Excitement still surrounds a possible hint of dark matter in an unexpected excess of cosmic-ray antielectrons (positrons) relative to electrons. A new set of data from the Alpha Magnetic Spectrometer (AMS) aboard the International Space Station confirms the positron excess and provides the most accurate measurement to date of the shape of both the electron and positron spectra. The analysis reveals that the positron flux is significantly different from the electron flux above 30 GeV in energy, which suggests that positrons and electrons have a different origin.

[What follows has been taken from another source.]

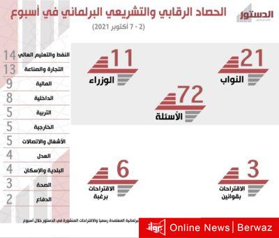 الحصاد البرلماني في أسبوع.. 72 سؤالاً و3 إقتراحات بقوانين و6 إقتراحات برغبة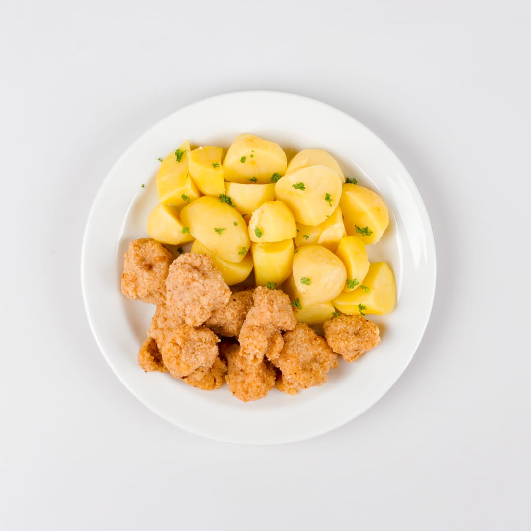 Brambory 54 %, obalovaný květák (květák, strouhanka, olej slunečnicový, sůl) 39 %, olej slunečnicový 5 %, máslo 2 %, sůl

Cosmic rays are predominantly protons and other nuclei, but electrons and positrons make up part of the mix. Standard astrophysical models of interstellar particle collisions predict that, in cosmic rays, the fraction of positrons relative to electrons should decrease with energy. However, recent observations from satellites (e.g., PAMELA and Fermi) and from AMS have shown that the positron fraction actually increases with energy.

The AMS experiment, which has a large permanent magnet that allows particle discrimination, has been collecting data since May 2011. Out of 41 billion detection events, the AMS collaboration has identified 580,000 positrons and 9.2 million electrons (50% more than in their previous data release, see 3 April 2013 Viewpoint). Thanks to the additional data, they were able to extend their measurements of the positron flux up to 500 GeV and, similarly, of the electron flux up to 700 GeV. The high-precision data reveal that both spectra change their slope at around 30 GeV but behave differently towards higher energies: the positron flux drops off much more slowly than the electron flux. One possible explanation for this spectral difference is that the positrons are being created in annihilations of dark matter particles. The authors say data at higher energy will be needed to confirm a dark matter origin.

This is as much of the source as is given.